In children with selective mutism, we can welcome any form of communication.
“It took me quite a long time to develop a voice, and now that I have it, I am not going to be silent.”
– Madeleine K. Albright
Some children chatter endlessly at home, their thoughts spilling out in bright, effortless streams. Yet place the same child in a classroom, among unfamiliar adults, or even beside certain relatives, and the words disappear completely.
Juliet was like that. Nine years old, clever, creative, but unable – or, as her dad said, “unwilling” – to speak to anyone except her nearest and dearest.
Eventually they brought her to see me.
Allowing, not forcing
We don’t force, cajole, or threaten someone to speak, but we can be kind and offer them the space in which to find their voice. Actually, ‘finding your voice’ is, I think, a better reframed metaphor than the literal ‘having to speak’.
We find something when we’re ready to find it, and when it is ready to be found.
Pressure can, of course, be worse than useless. Juliet’s father felt she was “wilfully” refusing to speak, and yet what I saw in the child wasn’t obstructive self-assertion but real fear.

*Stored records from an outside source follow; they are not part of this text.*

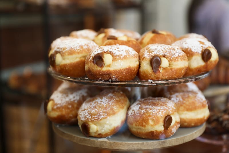 Además de unos berlinesrecién hechos, con crema pastelera y un toque de manjar, que son perfectos para acompañar algunas de sus opciones de café de especialidad, como el capuccino ($ 2.300) o bien un chai latte ($ 2.900), por ejemplo.
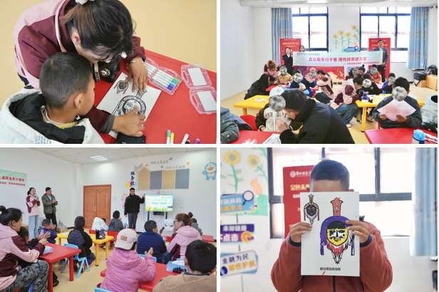 活动的最大亮点是藏戏面具彩绘互动环节。工作人员为每位孩子发放了藏戏面具模板和彩笔套装,引导孩子们在面具上涂抹不同颜色,每种颜色都寓意深刻:蓝色额头代表智慧和远见,象征储蓄的重要性;红色眼睛代表观察力和辨别能力,象征消费的明智;金黄嘴巴代表珍贵的品格和言语的力量,象征分享的快乐;绿色脸颊代表生命力和成长,象征劳动的价值。
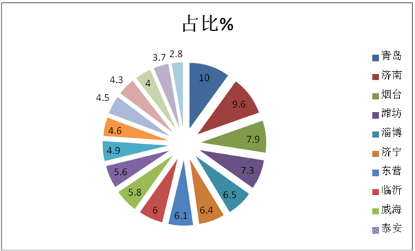 特点四、各地市场发展不平衡,青岛、济南、烟台三区域销量集中度占据全省的27.1%
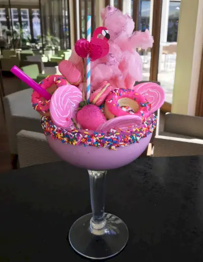 Jos olet mansikkajäätelön ystävä, jolla on affiniteetti ylimääräisiin juomiin, tämä jäätelöcocktail on täydellinen sinulle. Jos et saa sitä JW Marriott Desert Springsissä, jossa se tarjoillaan, voit silti luoda tämän värikkään juoman (joka on saanut inspiraationsa lomakeskuksen ikonisista vaaleanpunaisista flamingoista) jakamaan sitä ystävien kanssa kotona.

It’s not what it seems (to some)
To an outside observer, the silence of selective mutism can look oppositional, avoidant, even wilful. But selective mutism is often none of those things.
It is, at heart, an anxiety response and, like all anxiety, it softens not through pressure, but through understanding. The child who is selectively mute may come to depend on someone ‘speaking for them’. Or they may have been brought up in a noisy household in which their own voice always felt ‘drowned out’.
When we dig deeper, we can see what’s really going on.
What selective mutism really is
Selective mutism (SM) is strongly linked with social anxiety. Most children who experience it are not choosing silence; they are experiencing genuine fear in specific social situations, which forces silence upon them.
Yes, some clients are reluctant to speak and naturally laconic, but SM goes well beyond this.
Often there is an inborn sensitivity to anxiety. Some children’s internal alarm systems simply trigger more quickly, as though the brain’s threat detector has been set a little too high. Situations that seem ordinary to others can feel overwhelming to them.
Juliet looked genuinely scared when her parents brought her to me. Her mother was keen to assure me of one thing though: Juliet had not been diagnosed with autism.
Autism and selective mutism are different conditions, but can overlap. One study found up to 63% of children diagnosed with SM also meet the diagnostic criteria for autism.1
Regardless of whether autism is a feature or not (and it certainly isn’t always), SM is driven by anxiety, and anxiety can be treated. Even if Juliet had been autistic, I think my treatment of her would have followed a similar course.
So what fears might be behind the freeze response when it comes to verbalization?
Fear of verbalization
Fears that drive SM might include but are not limited to:
- Fear of making mistakes or saying ‘something stupid’
- Fear of meeting new people
- Fear of presenting their voice, which they may believe to be ‘ugly’ or ‘sound weird’.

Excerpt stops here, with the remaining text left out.